Don't waste your free time with Kevin Hart's comedy Me Time

There’s an argument to make if you’re feeling charitable, that no dumb comedy is ever really too dumb, that there’s infinite room in streaming world, and our brains, for the low-risk gamble of silly comedy. In general, this is probably true. But you have to be really willing to sink an hour and forty minutes into the paltry hole to get through time for me in which Kevin Hart plays a doting father who chooses, against his better judgement, to embark on a crazy birthday adventure with his oldest friend, irresponsible bachelor Mark Wahlberg. Silly comedies are valuable because they allow us to turn off our brains for a while. But with the trillions of entertainment options available today, we can all afford to be a little more discerning in how low we’re willing to go and Time for me places the band around ankle height.

Written and directed by John Hamburg (The Return of Polly, I love you, man), it’s essentially a comedy about male insecurity, as viable a subject as any. Hart plays Sonny Fisher of Sherman Oaks, who takes wonderful care of his two elementary school-age children while his architect wife Maya (Regina Hall) brings home the bacon. The setting looks great, but Sonny feels threatened by Maya’s biggest client, the toothbrush king Armando (Luis Gerardo Mendes), who plans to build a turtle sanctuary with his riches. Maya and Armando get along great; Sonny feels abandoned and useless. Yet when Wahlberg’s Huck Dembo—admittedly a ridiculous fairy tale character name—invites Sonny to his 44th birthday party, Sonny declines. Now he’s a family man and barely cares about the silly things the duo used to do, like jumping off mountain ledges in flying squirrel suits. We see this in an early flashback scene where Sonny, against his better judgment, flies into a huge cave with fresh mountain air, screaming, “Yaaaahhhhhhhhhh!” sort of unfortunate stuff that Hart is particularly good at. It’s a stock move, but somehow it still makes it funny.

But even if Sonny thinks he’s outgrown his friendship with Huck, plans change. Somehow, when Maya offers to take the kids to her parents’ house for vacation, Sonny ends up on the special bus that Huck has outfitted for his big bash—with a grinning image of him on the side, along with the words, “Get Fucked. Huck has planned a mini Burning Man-style extravaganza in the desert. Huck’s friends are all much younger, a group of young partygoers in cargo shorts and bikinis; he is still not interested in settling down. (He tells Sonny that he’s following the “Clooney plan,” figuring he’ll play the single life until he’s fifty, then meet a beautiful, accomplished woman and father a set of twins.) Sonny understandably feels out of place in this setting even though he tries to be a good athlete. As he does so, he manages to enrage a mother mountain lion, who angrily chases him down a trail of rocks and brush. “I got a lion on my ass!” Sonny yells as he runs, another variation on the standard Hart thing he does so well.


Mark Wahlberg as Huck, Kevin Hart as Sonny in Me Time

SAID ADIANI—NETFLIX

As you can probably guess, things get even crazier from there. Some of Sonny and Huck’s antics are so ridiculous they might make you laugh anyway: they break into Armando’s compound and, after debating whether to free one of his beloved turtles, decide to go to his mansion instead and mess things up. This includes emptying the contents of Armando’s spice rack into the trash, stealing only the left shoe from every pair lined up in the closet, and leaving a small poop that Sonny has dutifully squeezed out on the bed. “It is?” Huck says as he sees the fruits of Sonny’s labor. “It’s like mint for a hotel pillow.”
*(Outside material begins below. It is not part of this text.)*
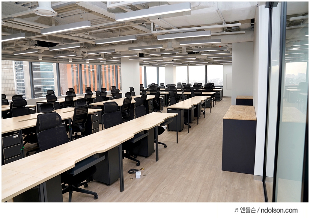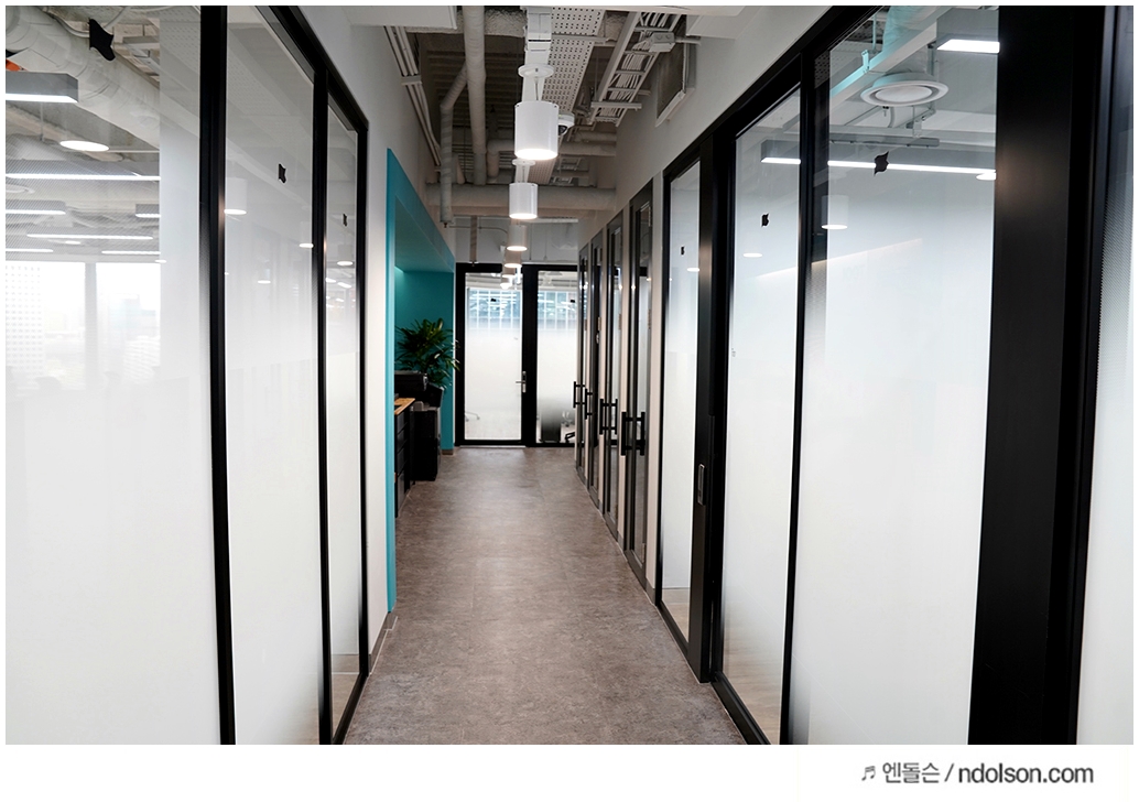 아무래도 여러 사무실이 모여있어서 시너지도 나겠지만, 프라이버시가 걱정될 수 있죠? 사무실 내부를 가려주는 불투명 시트지가 높게 설치되어 사생활 보호를 할 수 있게 되어 있습니다. 확실히 독립된 사무실 느낌이 납니다.

Okay, I laughed at that. One must take joy where one can find it. But Wahlberg, whose controversial past includes assault and accusations of making racist attacks, although in recent years he has admitted that he make mistakes, will have to work harder than that to earn a buyout. While it may make people feel better about his acting skills, he has often been great in both dramatic and comedic roles (The Other Guys, Boogie Nights)—though viewers, like the actors, are only human, and anyone could be forgiven for not feeling great watching Wahlberg today. That means Hart has to carry most of the show here, which he’s more than capable of doing. But even in a dumb comedy, there’s only so much silliness that most of us can handle. You’ll need to assess your own threshold before you begin time for me especially if your own time is in short supply.